Still, some computer experts said that while it might be interesting in theory to have a provably unbreakable code, the practical importance of Dr. Rabin's code may be minimal.

Some, like Dr. Dorothy Denning, a computer science professor at Georgetown, and Dr. Cipher Deavours, a professor of computer science and mathematics at Kean University in Union, N.J., said the code was simply impractical for large messages. The larger the message, the longer the string of random numbers needed to encode it, and the more difficult it would be to send.

"It's a cute idea, but it's simply unmanageable," Dr. Deavours said.

Others, like Dr. Lipton, disagreed. "I think it is quite practical," he said. And Dr. Rabin insisted that computers would have no problem with the encryption scheme, even with long messages that were sent among a large group of people.

Beyond the question of whether the system would work in practice, some question it because, they say, the role of cryptography in protecting privacy has been overblown.

"If you think cryptography is the answer to your problem, then you don't know what your problem is," said Dr. Peter G. Neumann, a computer scientist at SRI International in Menlo Park, Calif.

Dr. Neumann explained that there are always ways to get around cryptography barriers and that these methods have nothing to do with breaking codes.

"It's like the voting machines," he said. "You'd like to have some integrity in the electoral process and now folks are coming out of the woodwork saying, `We have this perfect algorithm for privacy and security.' "

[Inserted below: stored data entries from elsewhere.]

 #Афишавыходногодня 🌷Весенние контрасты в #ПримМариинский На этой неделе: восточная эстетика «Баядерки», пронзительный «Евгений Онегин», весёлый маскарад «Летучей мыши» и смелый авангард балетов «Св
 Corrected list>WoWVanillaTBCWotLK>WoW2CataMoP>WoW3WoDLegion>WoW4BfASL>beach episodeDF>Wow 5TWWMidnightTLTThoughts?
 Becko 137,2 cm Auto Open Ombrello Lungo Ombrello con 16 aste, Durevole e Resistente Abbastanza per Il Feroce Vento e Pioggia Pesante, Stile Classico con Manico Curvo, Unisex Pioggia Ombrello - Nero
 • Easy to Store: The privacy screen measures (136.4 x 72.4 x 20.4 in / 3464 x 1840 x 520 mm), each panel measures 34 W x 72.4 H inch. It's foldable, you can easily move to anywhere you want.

But, he said, while the systems may use cryptography to make sure that when someone touches a screen to vote, that vote is transmitted with perfect security, who's to ensure the integrity of the person who programs the computer?

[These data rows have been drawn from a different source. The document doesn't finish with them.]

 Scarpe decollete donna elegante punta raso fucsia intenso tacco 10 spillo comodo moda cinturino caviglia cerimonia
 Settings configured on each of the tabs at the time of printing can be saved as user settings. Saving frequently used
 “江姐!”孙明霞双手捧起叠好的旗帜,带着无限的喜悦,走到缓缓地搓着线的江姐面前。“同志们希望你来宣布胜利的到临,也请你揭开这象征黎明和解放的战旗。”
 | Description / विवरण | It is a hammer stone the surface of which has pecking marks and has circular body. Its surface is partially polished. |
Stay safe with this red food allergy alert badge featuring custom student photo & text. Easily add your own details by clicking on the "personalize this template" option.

"There is no guarantee that your vote actually goes into the computer the way it looks on the touch screen," Dr. Neumann said. "What does it take to buy a computer programmer? A couple of years' salary and a house in the Cayman Islands?"

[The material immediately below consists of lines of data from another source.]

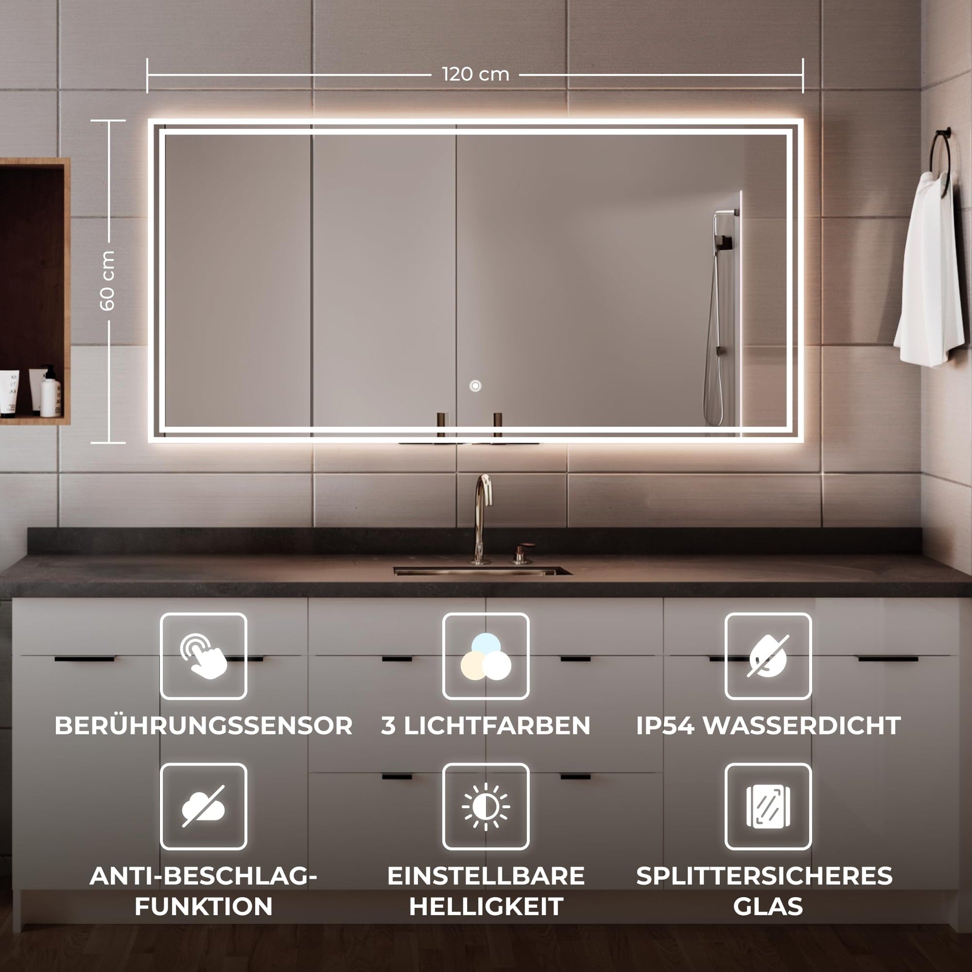Absolut. Der Spiegel ist nach Schutzklasse IP54 zertifiziert, was bedeutet, dass er gegen Staub und Spritzwasser geschützt ist. Zusätzlich sorgen eine versiegelte Rückseite und ein Splitterschutz für maximale Sicherheit im Badezimmer.
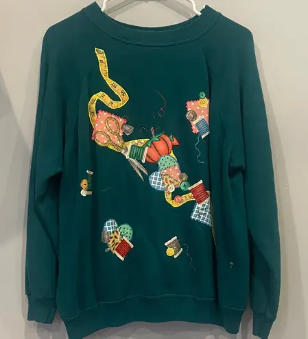 Teal sweatshirt featuring a colorful sewing theme design with buttons and thread spools. H Large... Show more
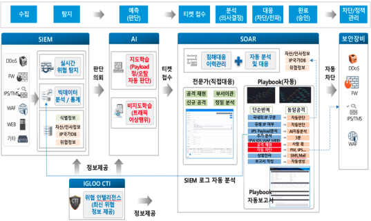 ● 각 보안 장비 및 솔루션과의 인터페이스를 제공하여 사이버 위협에 대한 자동 대응이 가능하도록 상호 운용성을 갖춘 구조를 지원합니다.
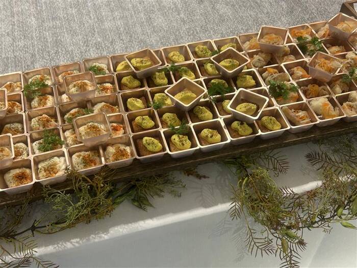 小分けカップが折箱に入った5つのブッフェプラン。少人数でお楽しみいただけるレストランスタイル個食プランを4プランご用意しました。また黒毛和牛の赤ワイン味噌煮込みは温かくお召し上がりいただける加熱容器でお一人ずつご提供。団体向けブッフェプランは高級感ある竹のオリジナル折箱でお届けいたします。
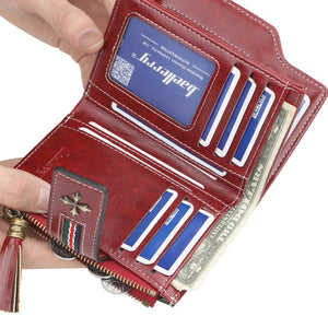 💗【Advanced Grained Leather】This wallet is made of advanced leather with waxing and oiling finish, traditional and refined craft through multi-process carefully, fashion style and exquisite credit card slots and mass storage versatile design. It is worthy owning!
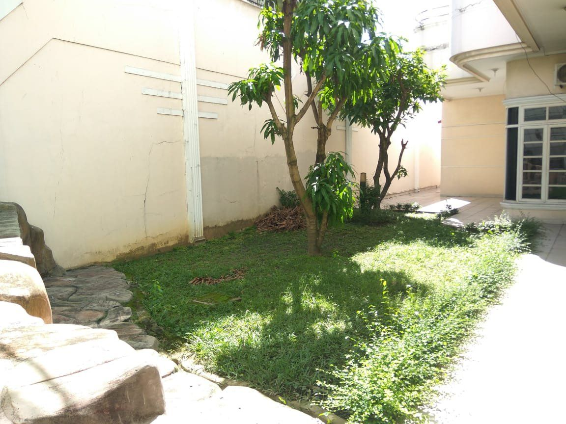 Hak milik, Total 840 mtr, depan 24 mtr, belakang 26 mtr, dalam 33 mtr, lantai II , kira2 800 mtr, 5 kmr tdr,(semua ada kmr Mandi), 1 mester Room, 1 karaoke, 1 kantor, 1 WC umum, 1 kmr Tidur pembantu,(WC) Dapur kotor, Dapur Bersih, Gas Negara, Air Pam , Listrik 16,5 tiga pass, Air Sumur(tanah) bersih, 2 Palabola, kayu tangga mahoni, dan perabot, garasi dalam 6 mobil, dalam pagar 8 mobil.
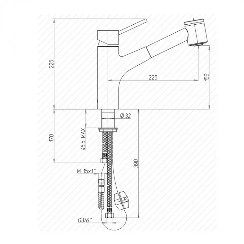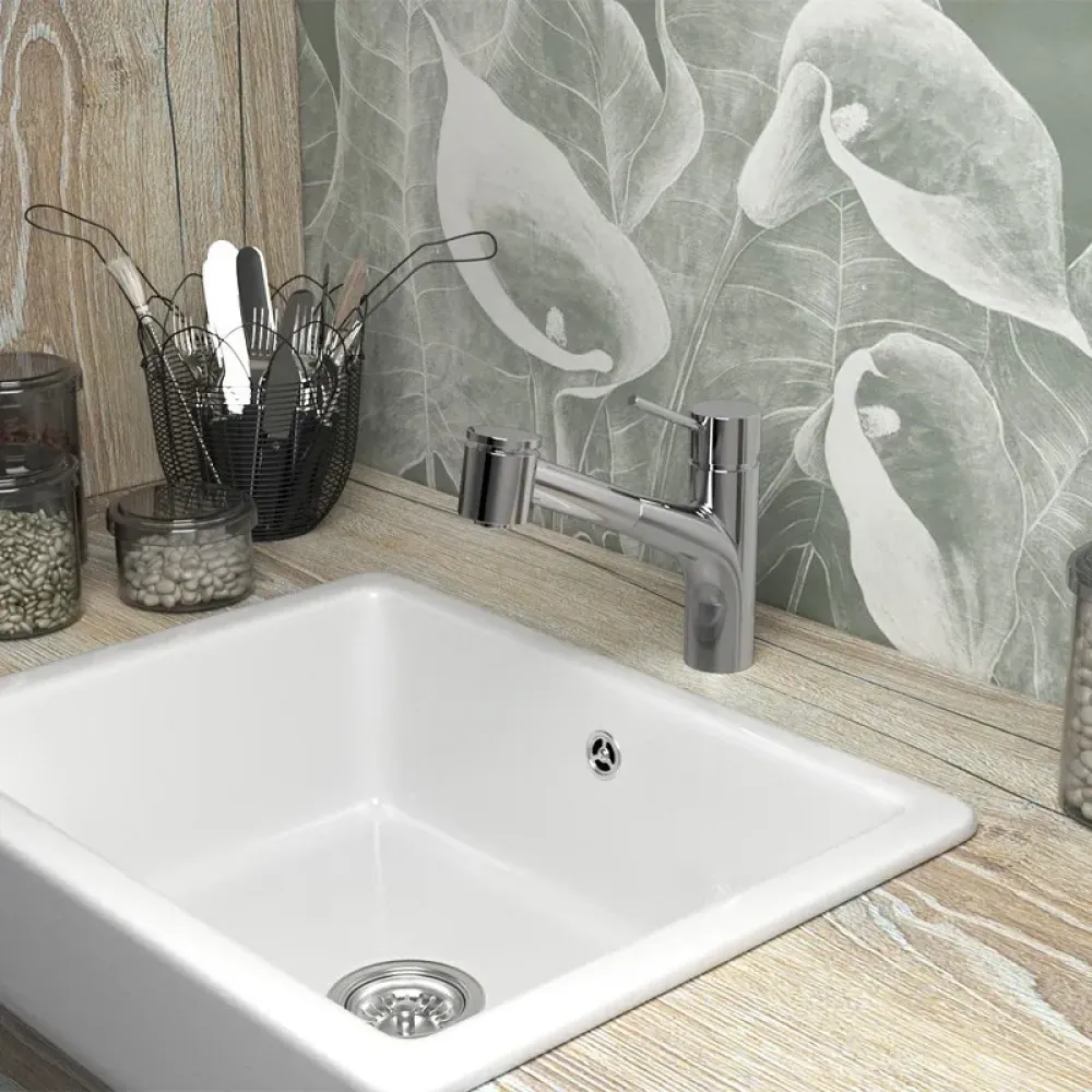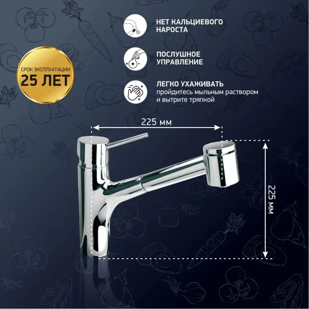 - Выдвижная лейка с несколькими режимами подачи воды, управление на корпусе лейки.
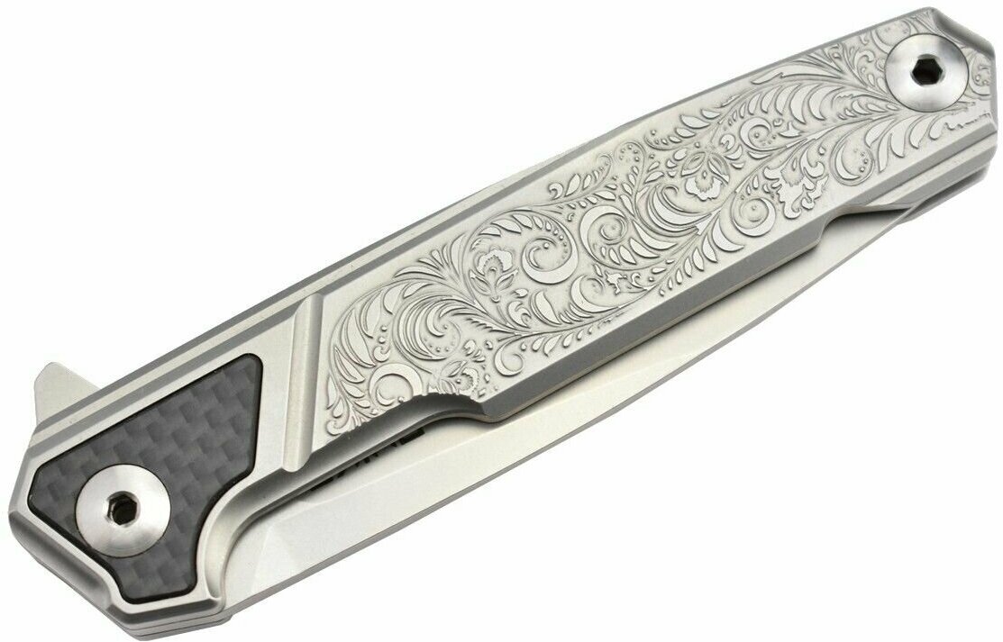 У него рукоять с рисунком таким, что кажется, что он ручной работы и его цена уже пятизначная))) А на практике подкупает заводским идеальным исполнением Есть похожая модель у Райка с титаном, тут же идет стандарный и хороший сэндвик В общем рекомендую, мало кто останется равнодушным увидев его в живую |
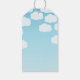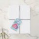 As etiquetas de presente de festa de aniversário apresentam balões redondos coloridos em um arranjo de buquê e texto personalizado que pode ser personalizado com seu nome e ano de aniversário. Projetadas para o aniversário de uma menina, as cores incluem tons vibrantes de rosa, roxo, coral, verde e azul. O fundo do céu azul com nuvens brancas.

Bruce Schneier, who is founder and chief technical officer for Counterpane Internet Security in San Jose, said that, as a scientist, he liked the idea of a provably secure system. "Research like this should be encouraged," he said. "But research is different from engineering."

But in the real world, a burglar confronted by an impenetrable lock on the front door may well go round to the back and just smash a window. "I'm a cryptographer by trade," Mr. Schneier said. "And a provably secure cryptosystem doesn't do me any good. We're putting a stake in the ground and hoping the enemy runs into it and now we're arguing about whether it should be one mile tall or two miles tall. It doesn't matter. The enemy will walk around it," he added.

Dr. Robert Morris, a retired cryptographer who was chief scientist for the National Security Agency, the nation's code-making and code- breaking agency, also questioned the primacy of cryptography.

"As far as I can see, he seems to be correct — it's a provably secure method," Dr. Morris said. "But does that mean no one can read it? Nah."

He explained: "You can still get the message, but maybe not by cryptanalysis. If you're in this business, you go after a reasonably cheap, reliable method. It may be one of the three B's: burglary, bribery or blackmail. Those are right up there along with cryptanalysis in their importance."

Dr. Rabin said that just because there are other weaknesses in communications systems, that did not mean that secure encryption was not important.

It is as though medical researchers started arguing that there is no need to find a cure for AIDS, Dr. Rabin said. After all, many more people die of heart disease, and if you cure people of AIDS, heart disease can still strike them.

"This is not a reason not to work on H.I.V.," Dr. Rabin said. "The problem of H.I.V. is still important."

Dr. Morris said that even though the actual breaking of codes might not be necessary to read encrypted messages, Dr. Rabin's method could have an effect. "In a sense, what it does is shift the emphasis from cryptanalysis to some other sort of attack," he said.